Just keep summing until negative, keeping track of the max as you go. If you become negative, restart at 0.

what if array consists of all -ve numbers all of these sol break

This algorithm does not if all the given numbers are -ve. Eg: -1, -2, -3. The above algo says max sum is: 0. Please correct me if I am missing anything.

#include<stdio.h>
int maxsum(int *a,int n)
{
int max,sum,i=0;
max=sum=a[i];
for(i=1;i<n;i++)
{
sum=sum+a[i];
if(max<sum)
max=sum;
if(sum<0)
sum=0;
}
return max;
}
main()
{
int a[]={2,-3,4,-5,6,-3,8};
printf("sum = %d\n",maxsum(a,7));
return 0;
}

I believe its asked to return int array with continuous sequence of elements whose sum is max and not the sum of those elements. Here is what I came up with (did not implement case with all -ve numbers though). Complexity is O(n^2).

public static int[] FirstConsecutiveSequenceWithMaxSum(int[] inputArray)
        {
            //local variables
            int _startIndex=0, _endIndex=0;
            int _currentMax=0, _newLoopSum=0;
            int l = inputArray.Length; //input array size
            int[] _returnArray;
            //boundary case.
            if (l == 0)
            {
                //throw exception or 
                //return blank array 
                //as per user requirements
                //TODO 
            }
            if (l == 1)
            {
                return inputArray;
            }

            for (int i = 0; i < l; i++)
            {
                if (inputArray[i] > 0)
                {
                    for (int j = i; j < l; j++)
                    {
                        _newLoopSum += inputArray[j];

                        if (_newLoopSum > _currentMax)
                        {
                            _currentMax = _newLoopSum;
                            _startIndex = i;
                            _endIndex = j;
                        }
                    }
                    //reset current loop sum
                    _newLoopSum = 0;
                }
            }

            if ((_endIndex-_startIndex)==0)
            {
                //all are negative numbers.
                //TODO as per the requirements
            }

            int _returnArrayLength = _endIndex - _startIndex + 1;
            _returnArray = new int[_returnArrayLength];
            for (int i = 0; i < _returnArrayLength; i++)
            {
                _returnArray[i] = inputArray[_startIndex++];
            }

            return _returnArray;

}

I am not sure if you need this check
if (inputArray[i] > 0)
Consider this Array {3, -2, 10, -3} Here the answer is {3, -2, 10}.

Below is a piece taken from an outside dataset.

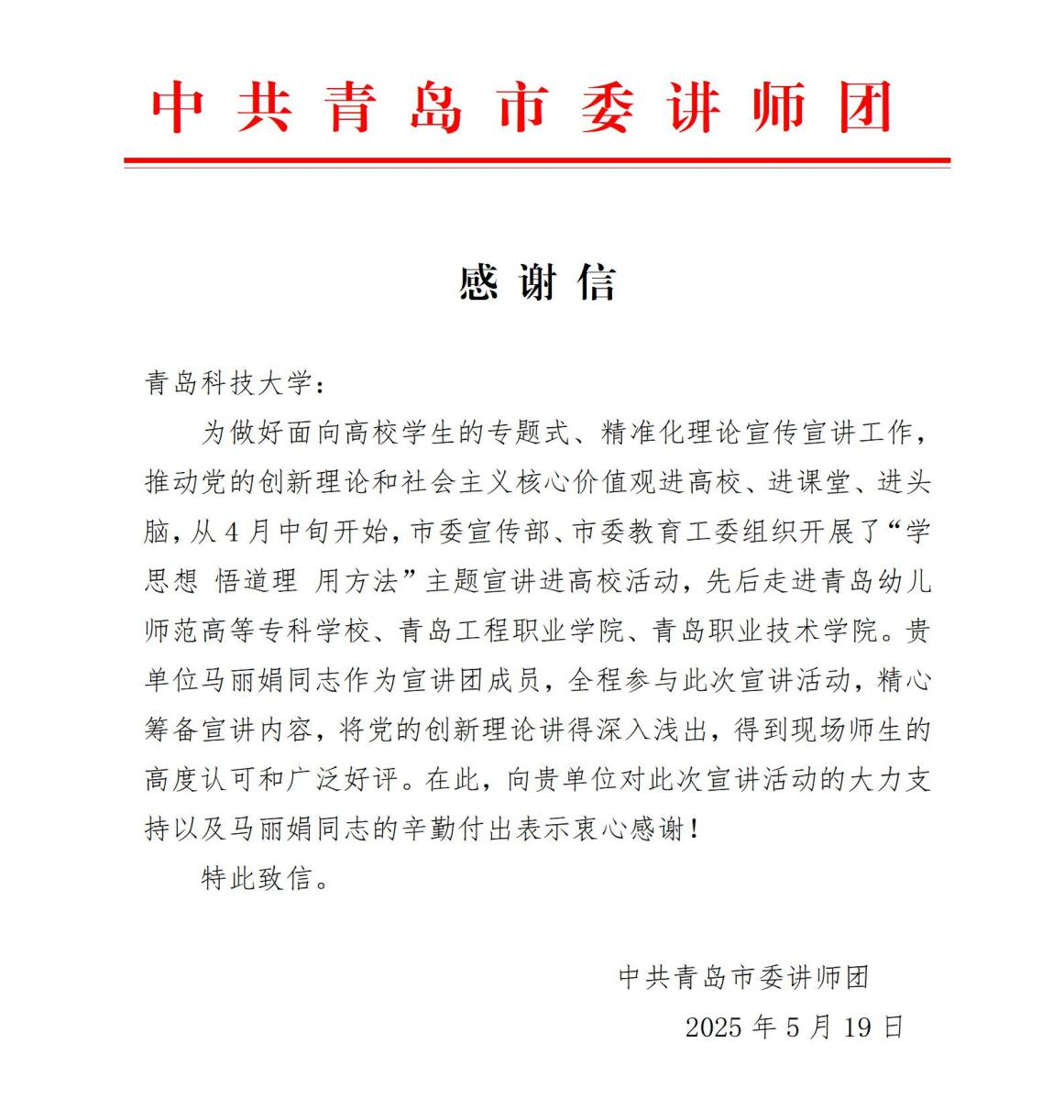 近日,bevictor伟德官网收到中共青岛市委讲师团发来的感谢信。信中对马丽娟老师在“学思想 悟道理 用方法”主题宣讲进高校活动中的表现给予高度认可,并对bevictor伟德官网对宣讲活动的大力支持表示感谢。

int sub1[40]= { -2, -3, 5, 7, -1, 0, 17, -9,3, -29,
1, 0, -9, -41, 3, 7, 13, -9, 11, -6,
71,-3, -9, -8, 87, 9, 1, 7, -1, -3,
10, 9, 11, -9, -27, 1, 0, -39, 1, 14 };
// max sub = {71,-3, -9, -8, 87, 9, 1, 7, -1, -3,10, 9, 11}
// 20th to 32nd, sum = 144

void findSub(int a[40])
{
int i = 0;
int tempSum =0;
maxSub myMax;
myMax.start = 0;
myMax.end = 0;
myMax.max = a[0];
while (i<40)
{
i++;
if (myMax.max <= 0 )
{
if (a[i] >= myMax.max)
{
myMax.start = i;
myMax.end = i;
myMax.max = a[i];
cout << " start: " << myMax.start <<" end: " << myMax.end;
cout << " max = " << myMax.max <<endl;

}
}
else
{
if (a[i] > 0)
{
myMax.end = i;
myMax.max += a[i];
}
else
{
tempSum += a[i];
while (i<40)
{
i++;
if (a[i]<=0)
tempSum += a[i];
else
{
if (a[i]>= myMax.max)// reset
{
myMax.start = i;
myMax.end = i;
myMax.max += a[i];
cout << " start: " << myMax.start <<" end: " << myMax.end;
cout << " max = " << myMax.max <<endl;
}
else
{
tempSum += a[i];
if (tempSum >=0) // expand the sub_array
{
myMax.end = i;
myMax.max += tempSum;
tempSum = 0;
cout << " start: " << myMax.start <<" end: " << myMax.end;
cout << " max = " << myMax.max <<endl;
}
}
} // new positive number
} // search and expand
} // deal with negative
} // positive sum
}
}

http://www.cs.ucf.edu/~reinhard/classes/cop3503/lectures/AlgAnalysis04.pdf

int main()
{
int a[100],n,sum=0,max;
cout<<"Enter the no of elements\n";cin>>n;
for(int i=0;i<n;i++)cin>>a[i];max=a[0];
for(int j=0;j<n;j++)
{
sum+=a[j];
if(sum<0)sum=0;
if(a[j]>max)max=a[j];
if(sum>max && sum!=0)max=sum;
}
cout<<max<<"\n";
return 0;
}

The above code is short,simple and correct..

Its a DP problem,

let,
a[j]->given array
m[j]->max value array

m[j]=max(m[j],m[j-1]+a[j])-------> O(n)
call it recursively and scan m[] to get the maximum---------> O(n)

O(n) solution

public static int MCSS(int [] a) {
int max = 0, sum = 0, start = 0, end = 0, i=0;
// Cycle through all possible end indexes.
for (j = 0; j < a.length; j++) {
sum += a[j]; // No need to re-add all values.
if (sum > max) {
max = sum;
start = i; // Although method doesn't return these
end = j; // they can be computed.
}
else if (sum < 0) {
i = j+1; // Only possible MCSSs start with an index >j.
sum = 0; // Reset running sum.
}
}
return max;
}